For tasks that benefit from step-by-step thinking:

```typescript
import { defineAgent } from 'struere'

export default defineAgent({
  name: "Research Analyst",
  slug: "research-analyst",
  version: "0.1.0",
  systemPrompt: "You analyze complex datasets and produce research summaries.",
  model: {
    model: "anthropic/claude-sonnet-4-6",
    temperature: 0.3,
    maxTokens: 8192,
    reasoning: {
      enabled: true,
      effort: "high",
      budgetTokens: 16000,
    },
  },
  tools: ["entity.query", "event.query"],
})
```

### OpenAI Provider

```typescript
import { defineAgent } from 'struere'

export default defineAgent({
  name: "GPT Agent",
  slug: "gpt-agent",
  version: "0.1.0",
  systemPrompt: "You assist with general queries.",
  model: {
    model: "openai/gpt-4o-mini",
    temperature: 0.7,
    maxTokens: 4096,
  },
  tools: ["entity.query"],
})
```

### xAI Provider

```typescript
import { defineAgent } from 'struere'

export default defineAgent({
  name: "Grok Agent",
  slug: "grok-agent",
  version: "0.1.0",
  systemPrompt: "You assist with general queries.",
  model: {
    model: "openai/gpt-5-mini-reasoning",
    temperature: 0.7,
    maxTokens: 4096,
  },
  tools: ["entity.query"],
})
```

### Google Provider

```typescript
import { defineAgent } from 'struere'

export default defineAgent({
  name: "Gemini Agent",
  slug: "gemini-agent",
  version: "0.1.0",
  systemPrompt: "You assist with general queries.",
  model: {
    model: "google/gemini-1.5-flash",
    temperature: 0.7,
    maxTokens: 4096,
  },
  tools: ["entity.query"],
})
```

## Provider Configuration

Configure API keys in the dashboard under **Settings > Providers**. You can add direct provider keys (e.g., an Anthropic API key) or an OpenRouter key that works across all providers.

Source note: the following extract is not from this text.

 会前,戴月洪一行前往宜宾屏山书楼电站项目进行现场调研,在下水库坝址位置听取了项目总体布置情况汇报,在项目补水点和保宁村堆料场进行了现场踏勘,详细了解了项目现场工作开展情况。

When no keys are configured, the platform uses its own OpenRouter key and deducts credits from your organization balance. See the [API Key Resolution](#api-key-resolution) section above for the full fallback chain.

## Token Usage

Token usage is tracked per interaction and returned in the chat API response:

```json
{
  "usage": {
    "inputTokens": 1250,
    "outputTokens": 45,
    "reasoningTokens": 320,
    "totalTokens": 1615
  }
}
```

When reasoning is enabled, `reasoningTokens` is included in the usage breakdown. Reasoning tokens are billed at the output token rate.

Each tool call within the agent's LLM loop counts toward token usage. Multi-agent conversations (via `agent.chat`) track usage independently per agent in the chain. When using platform credits, token usage is automatically deducted from your organization's credit balance.